▶ [WHAT NEEDS TO BE DONE]: The answer is the full set of records, given again exactly and without images.

▶ [SUPPLIED INFORMATION]:
--

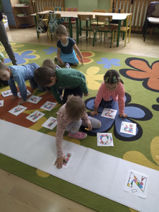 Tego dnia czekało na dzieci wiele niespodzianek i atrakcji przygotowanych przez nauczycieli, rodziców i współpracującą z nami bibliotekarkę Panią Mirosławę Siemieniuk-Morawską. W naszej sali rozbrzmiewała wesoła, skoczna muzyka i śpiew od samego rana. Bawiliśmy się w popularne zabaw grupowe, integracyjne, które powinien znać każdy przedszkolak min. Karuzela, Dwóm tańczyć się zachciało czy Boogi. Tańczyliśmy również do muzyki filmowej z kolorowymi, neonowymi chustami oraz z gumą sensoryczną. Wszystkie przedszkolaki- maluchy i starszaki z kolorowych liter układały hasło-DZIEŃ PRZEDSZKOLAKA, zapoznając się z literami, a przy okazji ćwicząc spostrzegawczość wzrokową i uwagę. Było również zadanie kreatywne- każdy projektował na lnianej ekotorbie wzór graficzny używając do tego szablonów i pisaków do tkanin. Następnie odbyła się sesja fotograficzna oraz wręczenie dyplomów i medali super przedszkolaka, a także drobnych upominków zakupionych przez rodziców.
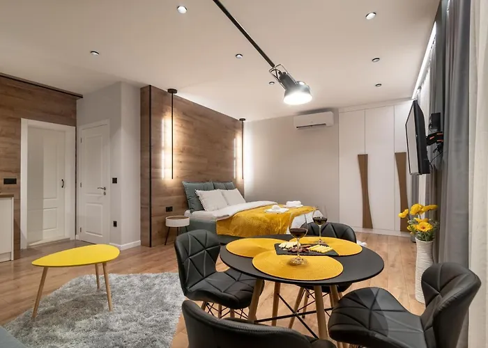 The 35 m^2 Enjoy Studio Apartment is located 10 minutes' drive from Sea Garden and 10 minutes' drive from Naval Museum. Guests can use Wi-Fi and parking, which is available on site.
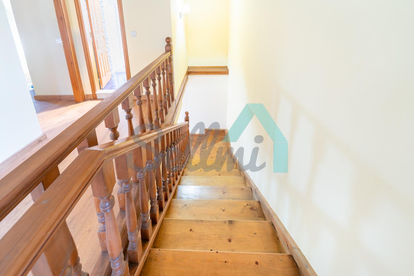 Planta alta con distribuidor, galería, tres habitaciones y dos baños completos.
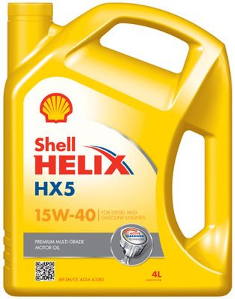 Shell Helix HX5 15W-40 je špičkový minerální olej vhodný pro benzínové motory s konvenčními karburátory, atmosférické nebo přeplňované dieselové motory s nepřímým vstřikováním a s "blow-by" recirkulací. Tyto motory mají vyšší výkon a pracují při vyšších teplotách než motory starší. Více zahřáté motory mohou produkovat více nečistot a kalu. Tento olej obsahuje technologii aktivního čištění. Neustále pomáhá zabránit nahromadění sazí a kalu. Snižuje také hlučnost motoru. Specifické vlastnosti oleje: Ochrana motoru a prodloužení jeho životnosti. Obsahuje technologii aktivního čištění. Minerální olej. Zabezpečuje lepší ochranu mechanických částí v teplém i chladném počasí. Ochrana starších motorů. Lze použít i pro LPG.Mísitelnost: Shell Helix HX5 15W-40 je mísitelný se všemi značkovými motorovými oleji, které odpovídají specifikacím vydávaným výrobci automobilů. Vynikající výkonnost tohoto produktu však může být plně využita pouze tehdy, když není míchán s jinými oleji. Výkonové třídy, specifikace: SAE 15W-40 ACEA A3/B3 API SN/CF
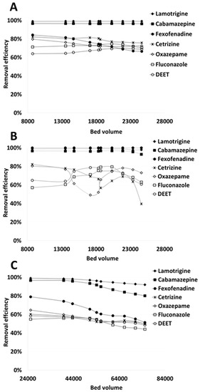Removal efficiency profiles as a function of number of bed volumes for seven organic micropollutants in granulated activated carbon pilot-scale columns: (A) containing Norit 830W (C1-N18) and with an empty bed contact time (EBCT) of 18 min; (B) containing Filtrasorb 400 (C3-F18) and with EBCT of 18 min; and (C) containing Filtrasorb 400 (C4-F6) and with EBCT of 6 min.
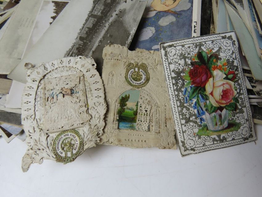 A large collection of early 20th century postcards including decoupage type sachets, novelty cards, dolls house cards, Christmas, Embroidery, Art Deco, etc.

--

▶ [RESULT BELOW]:
 Tego dnia czekało na dzieci wiele niespodzianek i atrakcji przygotowanych przez nauczycieli, rodziców i współpracującą z nami bibliotekarkę Panią Mirosławę Siemieniuk-Morawską. W naszej sali rozbrzmiewała wesoła, skoczna muzyka i śpiew od samego rana. Bawiliśmy się w popularne zabaw grupowe, integracyjne, które powinien znać każdy przedszkolak min. Karuzela, Dwóm tańczyć się zachciało czy Boogi. Tańczyliśmy również do muzyki filmowej z kolorowymi, neonowymi chustami oraz z gumą sensoryczną. Wszystkie przedszkolaki- maluchy i starszaki z kolorowych liter układały hasło-DZIEŃ PRZEDSZKOLAKA, zapoznając się z literami, a przy okazji ćwicząc spostrzegawczość wzrokową i uwagę. Było również zadanie kreatywne- każdy projektował na lnianej ekotorbie wzór graficzny używając do tego szablonów i pisaków do tkanin. Następnie odbyła się sesja fotograficzna oraz wręczenie dyplomów i medali super przedszkolaka, a także drobnych upominków zakupionych przez rodziców.
 The 35 m^2 Enjoy Studio Apartment is located 10 minutes' drive from Sea Garden and 10 minutes' drive from Naval Museum. Guests can use Wi-Fi and parking, which is available on site.
 Planta alta con distribuidor, galería, tres habitaciones y dos baños completos.
 Shell Helix HX5 15W-40 je špičkový minerální olej vhodný pro benzínové motory s konvenčními karburátory, atmosférické nebo přeplňované dieselové motory s nepřímým vstřikováním a s "blow-by" recirkulací. Tyto motory mají vyšší výkon a pracují při vyšších teplotách než motory starší. Více zahřáté motory mohou produkovat více nečistot a kalu. Tento olej obsahuje technologii aktivního čištění. Neustále pomáhá zabránit nahromadění sazí a kalu. Snižuje také hlučnost motoru. Specifické vlastnosti oleje: Ochrana motoru a prodloužení jeho životnosti. Obsahuje technologii aktivního čištění. Minerální olej. Zabezpečuje lepší ochranu mechanických částí v teplém i chladném počasí. Ochrana starších motorů. Lze použít i pro LPG.Mísitelnost: Shell Helix HX5 15W-40 je mísitelný se všemi značkovými motorovými oleji, které odpovídají specifikacím vydávaným výrobci automobilů. Vynikající výkonnost tohoto produktu však může být plně využita pouze tehdy, když není míchán s jinými oleji. Výkonové třídy, specifikace: SAE 15W-40 ACEA A3/B3 API SN/CF
Removal efficiency profiles as a function of number of bed volumes for seven organic micropollutants in granulated activated carbon pilot-scale columns: (A) containing Norit 830W (C1-N18) and with an empty bed contact time (EBCT) of 18 min; (B) containing Filtrasorb 400 (C3-F18) and with EBCT of 18 min; and (C) containing Filtrasorb 400 (C4-F6) and with EBCT of 6 min.
 A large collection of early 20th century postcards including decoupage type sachets, novelty cards, dolls house cards, Christmas, Embroidery, Art Deco, etc.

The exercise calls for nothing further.